My son started nursery this week.
Not because I am worried about leaving him; I’ve left him before. Not because I am worried he won’t enjoy it; I know he’ll love it.
But because I am worried he will die.
I know that sounds extreme but it is the reality of raising a child with severe allergies. The reality of knowing an everyday food item could kill them.
Now, of course, I have taken every precaution to make sure this doesn’t happen. I have met with the nursery staff, put procedures in place and cemented a care plan. I would never leave him if I wasn’t confident he was as safe as possible.
He is only 2 and a half so I could wait. But I know he is ready and I know he needs that extra stimulation. My husband and I are very keen that J gets to lead a normal life and have the same opportunities and experiences as other children.
But the problem is he is not exactly like other children.
He looks the same, he acts the same, it doesn’t seem like there anything wrong with him.

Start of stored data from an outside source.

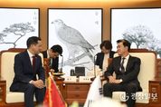 광장일보 주재영 기자 | 김태흠 충남도지사는 6일 도청 접견실에서 다이빙(戴兵) 주한 중국대사와 만나 양 지역 간 교류·협력 확대 방안을 논의했다. 이번 접견은 다이빙 대사 부임 이후 처음으로 이뤄진 공식 방문으로, 1992년 한중 외교관계 수립 이후 축적된 양국 간 교류 성과를 토대로 상호 이해와 신뢰를 재확인하고 안정적인 관계 발전 방향을 모색하는 자리로 마련됐다. 이 자리에서 김 지사는 “중국에는 ‘화합이 번영을 만든다’라는 뜻의 ‘화기생재(和氣生財)’라는 말이 있는데 이 말이 오늘날 한국과 중국에 딱 어울린다”라며 “한중 간 인문 교류가 점차 회복되는 가운데, 지방정부 차원의 실질 협력은 양국 관계를 더 안정적으로 뒷받침할 기반이 될 것”이라고 강조했다. 이어 김 지사는 “도는 1993년 허베이성을 시작으로 14개 성(시)정부와 투자통상은 물론, 문화·청소년·환경 등 다방면에서 협력의 역사를 만들어왔다”라면서 “양국 지방정부와 기업들 사이의 협력 강화를 위해 정책적인 노력과 제도적인 뒷받침을 부탁드린다”라고 요청했다. 또 김 지사는 ‘2026년 태안국제원예치유박람회’를 비롯한 도내 주요
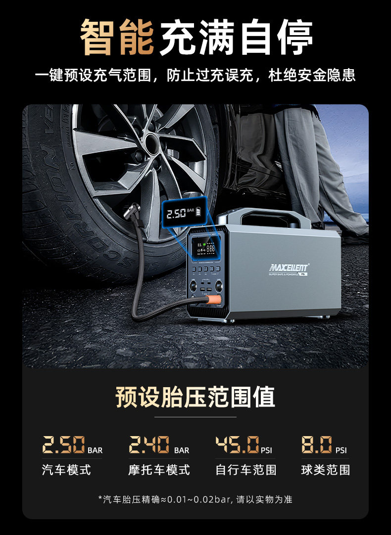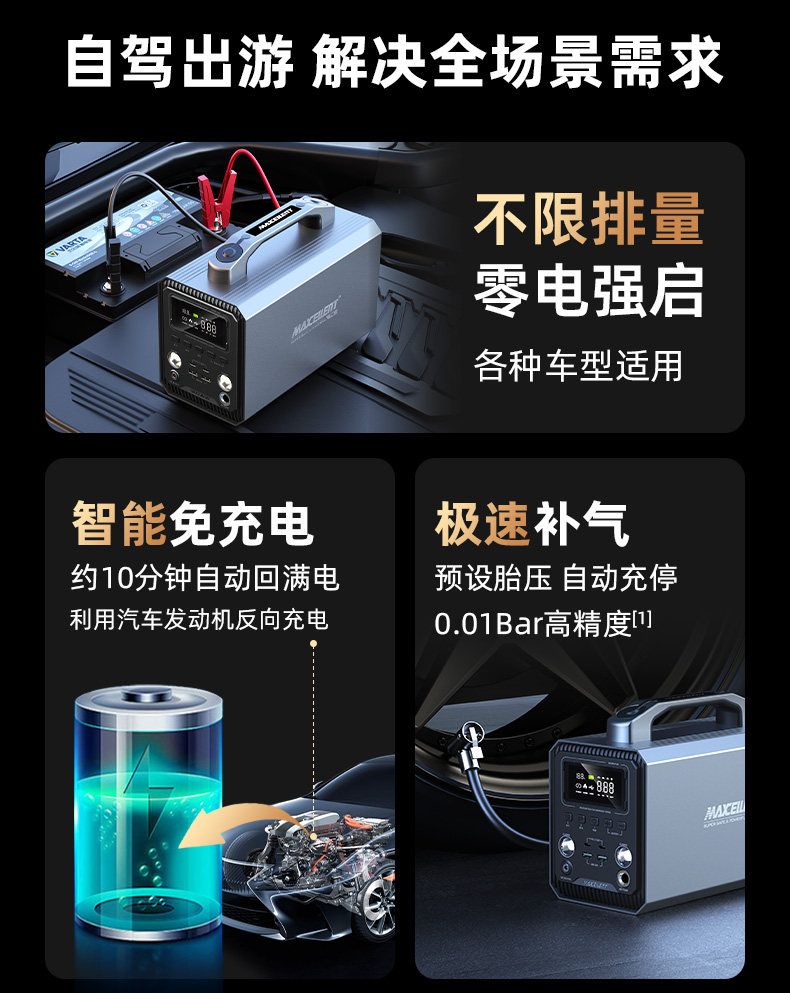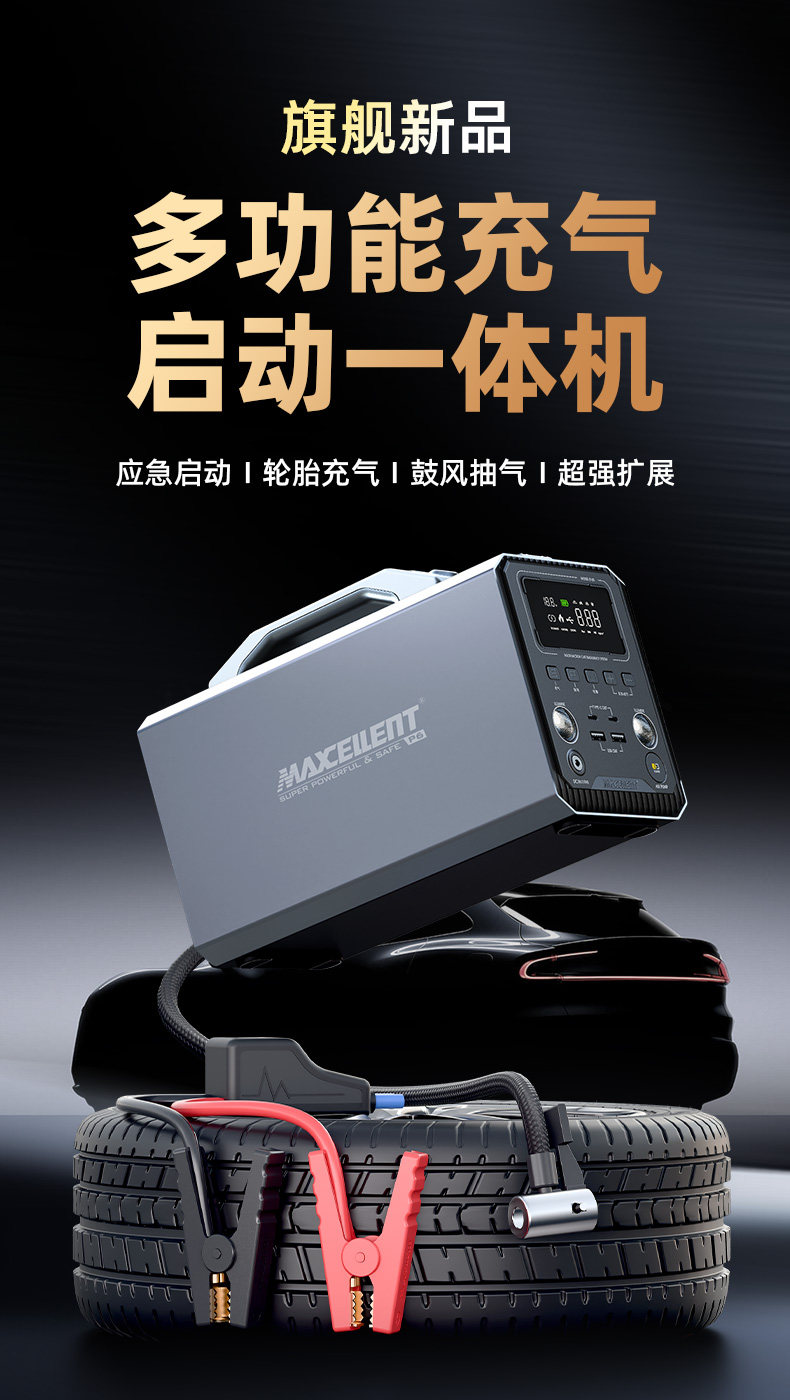 Maseron Car Air Pump with Tire Pressure Measurement and Emergency Jump Starter All-In-One Device Suitable for Cars
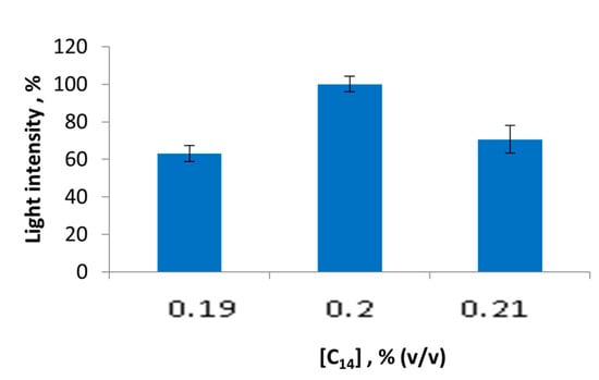 Tetradecanal (C14) is another substrate that could influence the sensitivity of the biological part of the lactate biosensor based on the multi-enzyme system. C14 was altered in the range from 0.19% (v/v) to 0.21% (v/v) (Figure 5). The obtained results showed that the optimal C14 concentration in the reaction mixture should be 0.20% (v/v). Other studied concentrations of C14 did not meet the expectations regarding the high activity of the LDH + Red + Luc enzyme system.
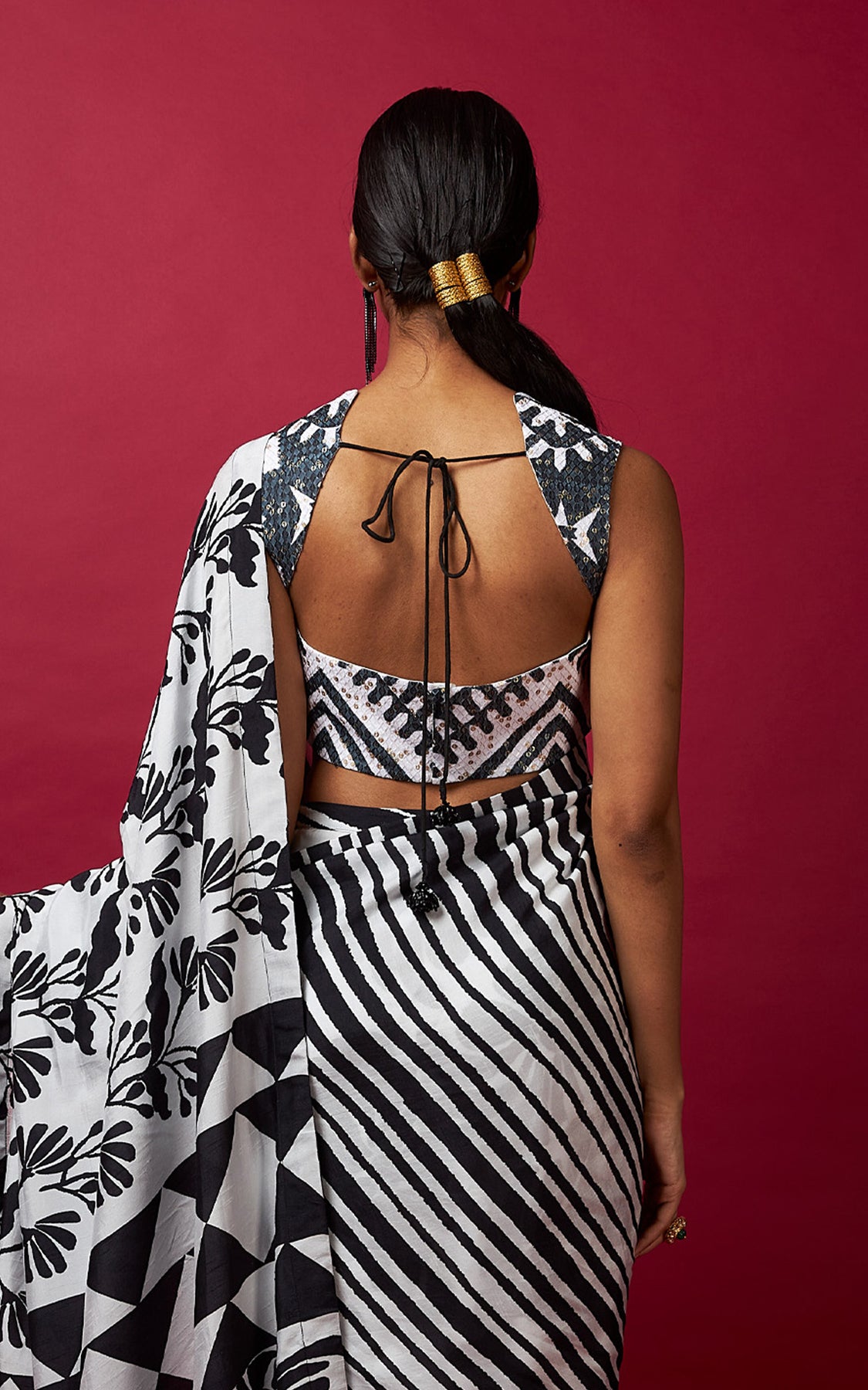 Black and white abstract printed sequin blouse with a multicolor sequinned printed centre yoke and a tie - up detail in the back.
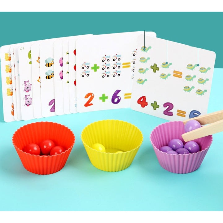 Setul include 30 de catonase colorate si distractive, un cu numere de la 1 la 10 pentru potrivire, betis pot suporta, clesti, o tava de sortare si multe bile.
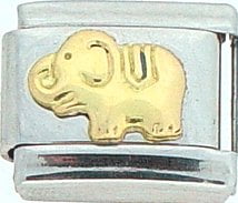 Animal Planet! This Elephant Italian charm is handcrafted of 18K gold, enamel and stainless steel and is compatible with all well known manufacturers including Zoppini Firenze, Boxing, UnoDomani, Talexia, Carisma, Puzzle and Dolce Oro; and officially licensed charms from Casa D’Oro and ReFlorence which includes SpongeBob charms, Walt Disney charms, Charlie Brown and Snoopy charms and Scooby Doo charms. Look for animal Italian charms from all over the world representing such countries as China, Australia and Africa. Look for our endangered species collection which includes the gray wolf, black and white panda, sea otter and gray seal Italian charms.. This is a medium size charm that fits all medium sized bracelets.
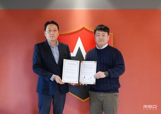 지난 18일 서울 구로 농심e스포츠 센터에서는 공식용품 파트너십 협약식이 진행됐다. 이 자리에는 오지환 농심 레드포스 대표, V-EXX 이정규 대표 등 양사 관계자들이 참석했다.
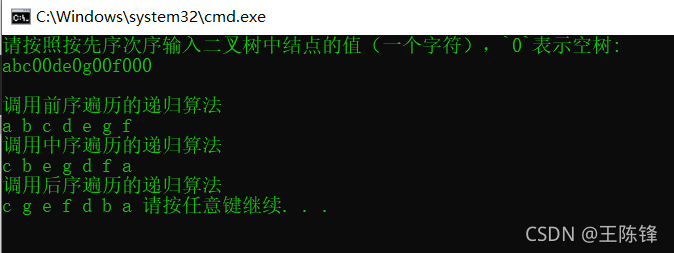 printf("请按照按先序次序输入二叉树中结点的值(一个字符),`0`表示空树:\n");
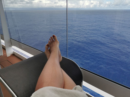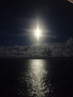 Es geht wieder zurück Richtung New York. Heute war Seetag und wir haben diesen zum chillen und erholen genutzt. Wir waren nochmal das Schiff erkunden und haben die verschiedenen Bars getestet 😂. Außerdem haben wir 20 $ im Casino verspielt 😱. Naja immerhin habe ich beim Roulette fast eine Stunde lang mit 10 $ Einsatz gespielt und war zwischendrin mal bei 25 $ 🙈😂😅. Das Essen an Bord ist super. Sowohl im normalen Bedienrestaurant als auch am Buffet. Wir haben gar nicht das Bedürfnis gehabt, in die Spezialitätenrestaurants für nen ordentlichen Aufpreis zu gehen. Den Abend haben wir bei einem wunderbaren Mond auf unserem Balkon.
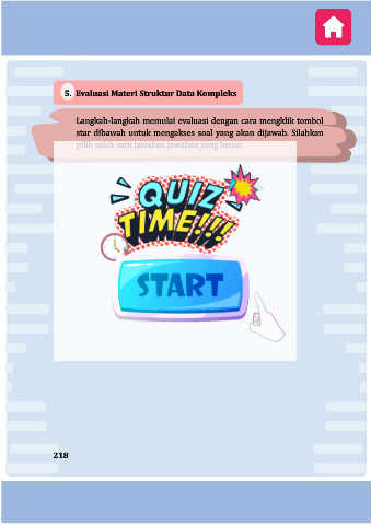 5. Evaluasi Materi Struktur Data Kompleks Langkah-langkah memulai evaluasi dengan cara mengklik tombol star dibawah untuk mengakses soal yang akan dijawab. Silahkan pilih salah satu jawaban jawaban yang benar. 218
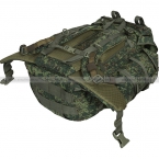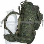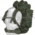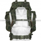 Спинка рюкзака снабжена мягкими анатомическими вставками. Широкие плечевые лямки с грудной перемычкой надежно пристрочены к корпусу. Средний слой лямок имеет наполнитель из упругой пенки. Кроме того, лямки снабжены системой быстрого сброса рюкзака, когда необходимо быстро избавиться от снаряжения в экстренной ситуации. Есть мягкий и широкий съемный пояс для фиксации рюкзака в области талии. Грудная перемычка и пояс надежно фиксируют рюкзак на теле при ходьбе или беге. Длина плечевых ремней и пояса быстро и удобно настраивается по фигуре.
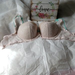 Victoria Secret dream angel cream colored with beautiful iridescent pink lace lightly padded...
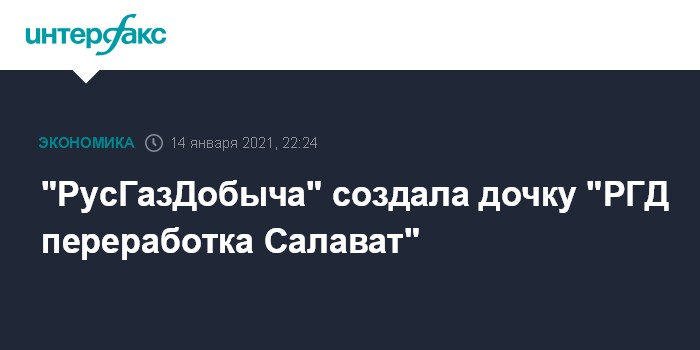 Москва. 14 января. INTERFAX.RU - Партнер "Газпрома" по нескольким крупным проектам в добыче и переработке, АО "РусГазДобыча", создал новую дочернюю компанию – ООО "РГД переработка Салават", свидетельствуют данные системы "СПАРК-Интерфакс".
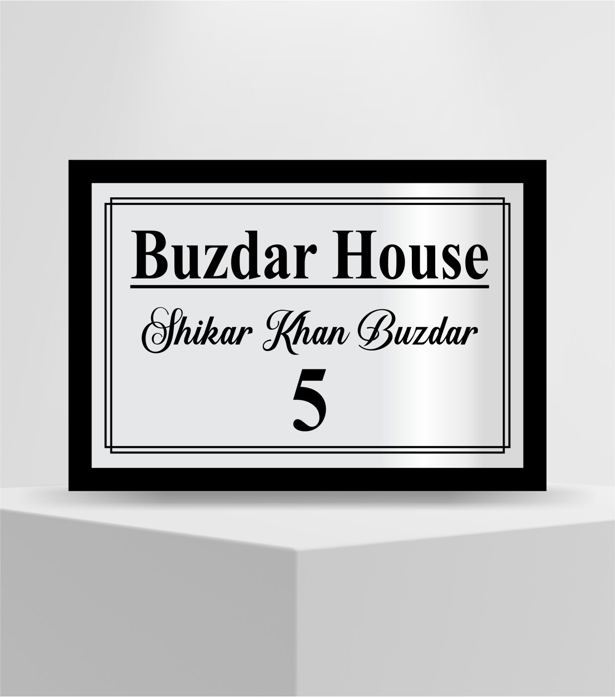 Introduce timeless elegance to your home with our Silver Steel Engraving Customise House Name Plate from Lucky Arts. Expertly crafted with high-quality silver stainless steel engraving and a 5mm black acrylic base, this name plate offers a perfect blend of durability and sophistication. Personalize it to make a distinctive statement at your entrance, reflecting your unique style and taste.
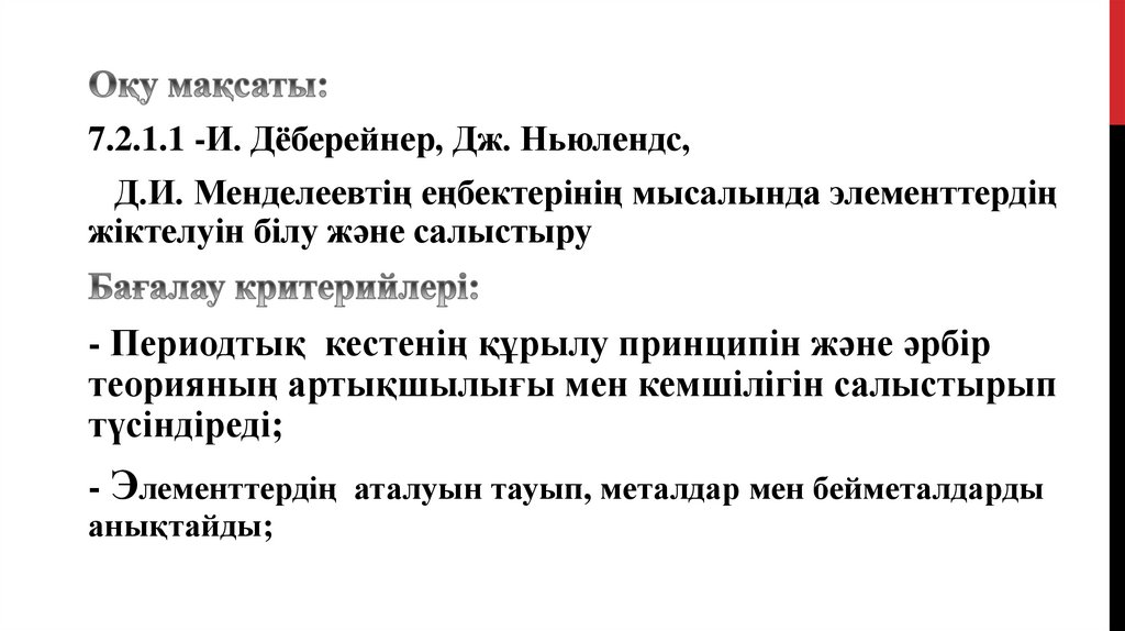 - И.В. Дёберейнер ғалымның элементтерді жүйелеу принципін сипаттайды;
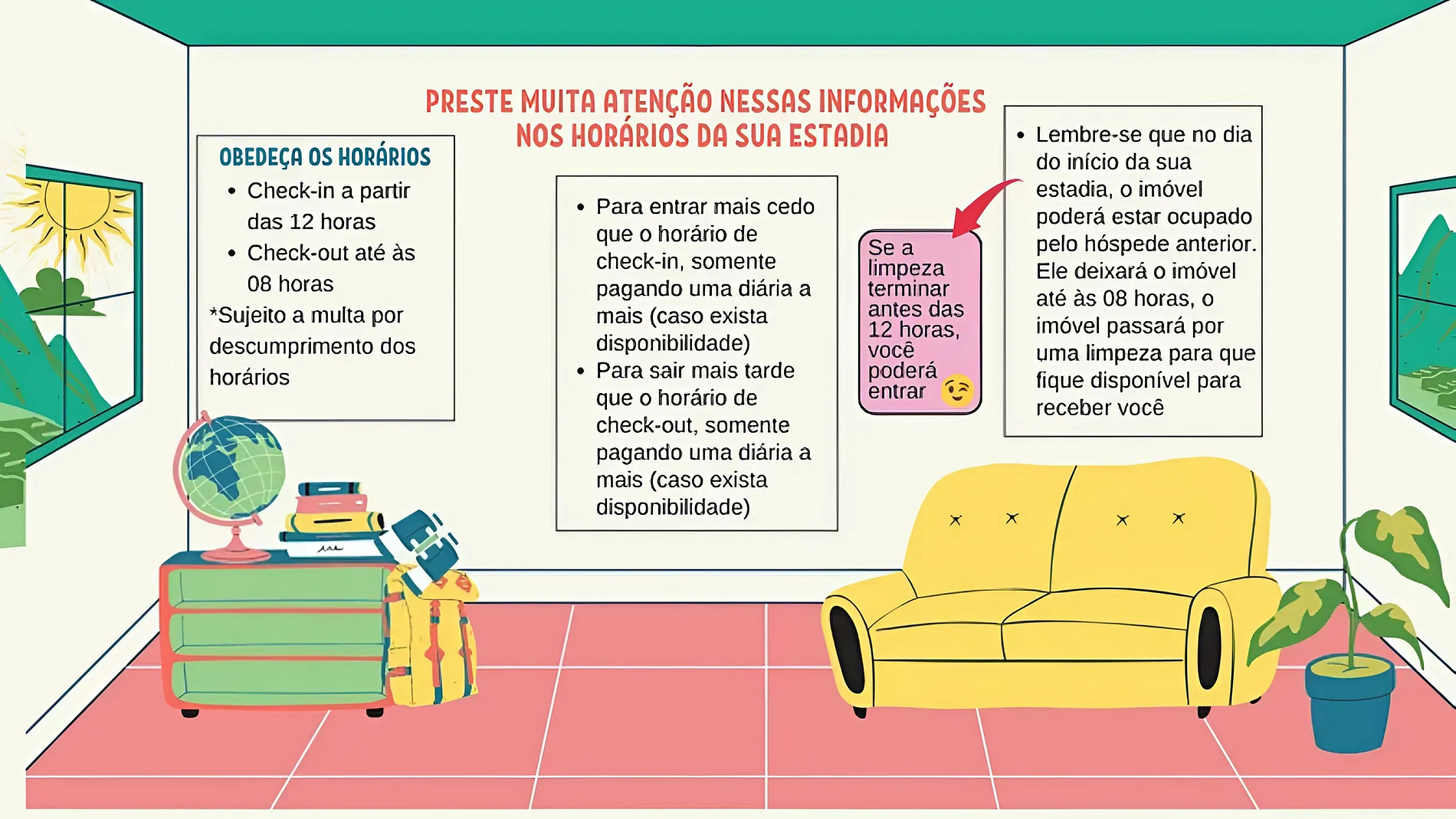 Deverá ser respeitado exatamente o Período contratado, assim como os horários de entrada e saída do apartamento;
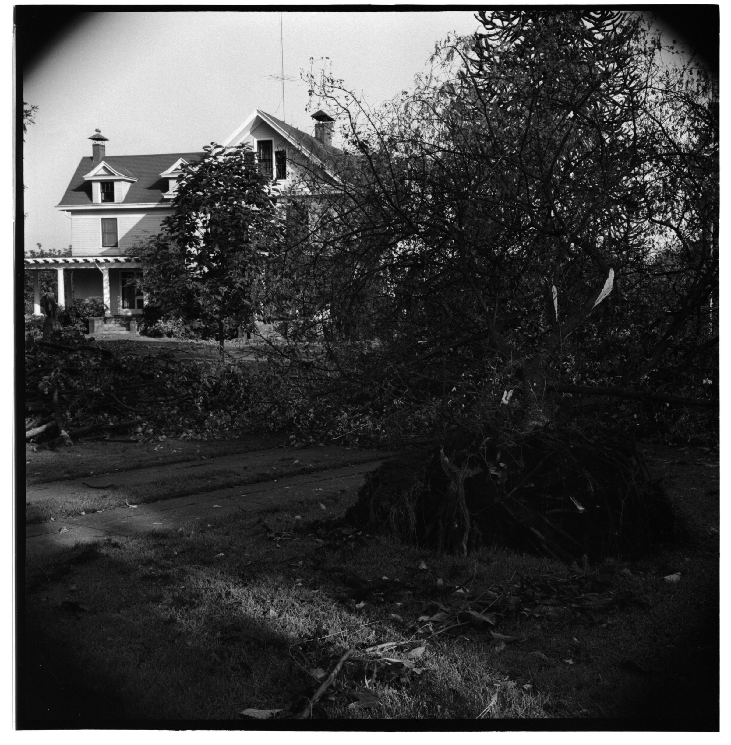 Negative, sheet film. 2 x 2 b&w. No. 916. OB Corp TV. Columbus Day Storm, 1962. Wind storm damage at Schmidt House.
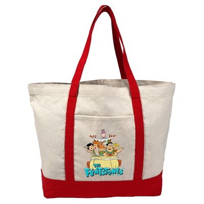 The Flintstones Logo Canvas Tote Bag With External Pocket, Reusable Shoulder Bag for Shopping, School, Beach, Red

And there isn’t. Until he comes into contact with one of his allergens.
This can be a difficult concept for other people to accept. When I had the meeting with the nursery managers to discuss J’s needs, one of them initially suggested it would be OK to leave milk on the side, as long as there was a big red line that J knew he wasn’t allowed to cross!!
I had to explain that this was the equivalent of telling other parents there would be a bowl of rat poison in the room – but don’t worry we’ve told your 2 year old not to touch it!
Luckily, once they understood the severity of the situation – and after a bit of prodding about discrimination and inclusion – they have been great at adapting for J and have taken every step I have asked, and more, to protect him.
I am excited to watch him grow and learn at nursery and feel happy I have made the right choice.
But I will still be sitting by the phone, crossing my fingers that he comes home safely.